WHAT IS BEING ASKED >> Transcribe everything in the listing below exactly, except the pictures.

COLLECTED DATA >>

━━━━━━━━━━━━━━━━

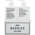 - Kit från Evo. Evo gluttony volumising shampoo (500 ml) är ett volymgivande schampo med lätt formula som rengör, ger fyllighet och stärker tunt och fint hår. Rekommenderas till alla hårtyper, särskilt fint och tunt hår. Evo bride of gluttony volumising conditioner (500 ml) är ett volymgivande och utredande balsam som ger fyllighet, styrka och glans till tunt och fint hår. Rekommenderas till alla hårtyper, särskilt tunt och fint hår.
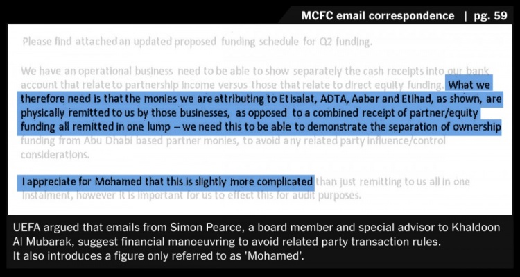 歐足聯(lián)表示,西蒙-皮爾斯的郵件中表明,為規(guī)避關(guān)聯(lián)交易規(guī)則,進(jìn)行了一些財務(wù)操作。西蒙-皮爾斯是曼城董事會成員,也是穆巴拉克的特別顧問。郵件中還引入了一個叫做“穆罕默德”的代稱。
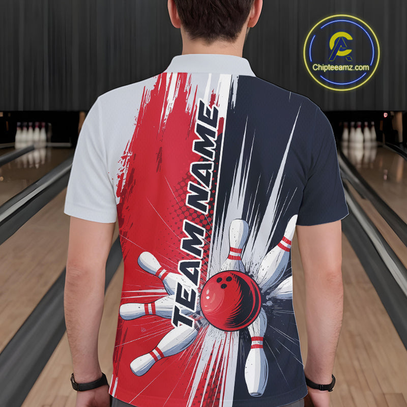 Custom Red, White And Blue Bowling Team Polo Shirts For Men, Bowling Jerseys IPHW9546

━━━━━━━━━━━━━━━━

FINAL ANSWER >>
 - Kit från Evo. Evo gluttony volumising shampoo (500 ml) är ett volymgivande schampo med lätt formula som rengör, ger fyllighet och stärker tunt och fint hår. Rekommenderas till alla hårtyper, särskilt fint och tunt hår. Evo bride of gluttony volumising conditioner (500 ml) är ett volymgivande och utredande balsam som ger fyllighet, styrka och glans till tunt och fint hår. Rekommenderas till alla hårtyper, särskilt tunt och fint hår.
 歐足聯(lián)表示,西蒙-皮爾斯的郵件中表明,為規(guī)避關(guān)聯(lián)交易規(guī)則,進(jìn)行了一些財務(wù)操作。西蒙-皮爾斯是曼城董事會成員,也是穆巴拉克的特別顧問。郵件中還引入了一個叫做“穆罕默德”的代稱。
 Custom Red, White And Blue Bowling Team Polo Shirts For Men, Bowling Jerseys IPHW9546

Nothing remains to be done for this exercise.